= Hans Steinbrenner (SS member) =

Johannes 'Hans' Steinbrenner (16 October 1905 - 12 June 1964) was a German concentration camp overseer. Born in Frankfurt am Main, he is most notable for his participation in the murder of several prisoners during the early phases of Dachau concentration camp. In April 1945, Steinbrenner was arrested by the US Army as head of the administration of an SS. In 1948, he was charged with murder, albeit the prosecution was delayed for several years. In 1952, Steinbrenner was found guilty of two counts of murder and nine counts of serious bodily harm, and sentenced to life in prison. A codefendant, Johann Unterhuber, was sentenced to six years in prison on lesser charges.
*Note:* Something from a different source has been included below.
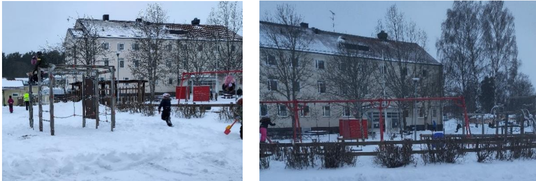
Figur 5: Stor mängd fasta lekinstallationer medför att konkurrensen minskar vilket fungerar som skyddsfaktor mot konflikter.

skulle kunna nyttjas bättre. Det kan till exempel vara utrymmen som saknar aktiviteter som eleverna vill göra. En personal beskriver att på en skolgård med begränsat utrymme har det placerats ut en stor mängd fasta lekinstallationer. Då skolans personal inte har involverats i planeringen har det medfört att rörelsemöjligheten begränsats för eleverna och att önskade aktiviteter inte går att utföra då det fysiska utrymmet saknas.

Steinbrenner served his sentence at Landsberg Prison. He was released from prison in 1962 and hanged himself two years later.

==Bibliography==
- Christopher Dillon: Dachau and the SS: A Schooling in Violence. Oxford University Press, Oxford 2015, ISBN 978-0-19-879452-3.
- Kim Wünschmann: Before Auschwitz: Jewish Prisoners in the Prewar Concentration Camps. Harvard University Press, Harvard 2015, ISBN 978-0674967595.
- Jörg Döring, Markus Joch (ed.s): Alfred Andersch revisited. Werkbiographische Studien im Zeichen der Sebald-Debatte. De Gruyter, Berlin 2011, ISBN 978-3-11-026826-3.
- Klaus Drobisch, Günther Wieland: System der NS-Konzentrationslager, 1933–1939. Akademie Verlag, Berlin 1993, ISBN 3-05-000823-7.
- Hans Günther Richardi: Schule der Gewalt. Das Konzentrationslager Dachau, 1995.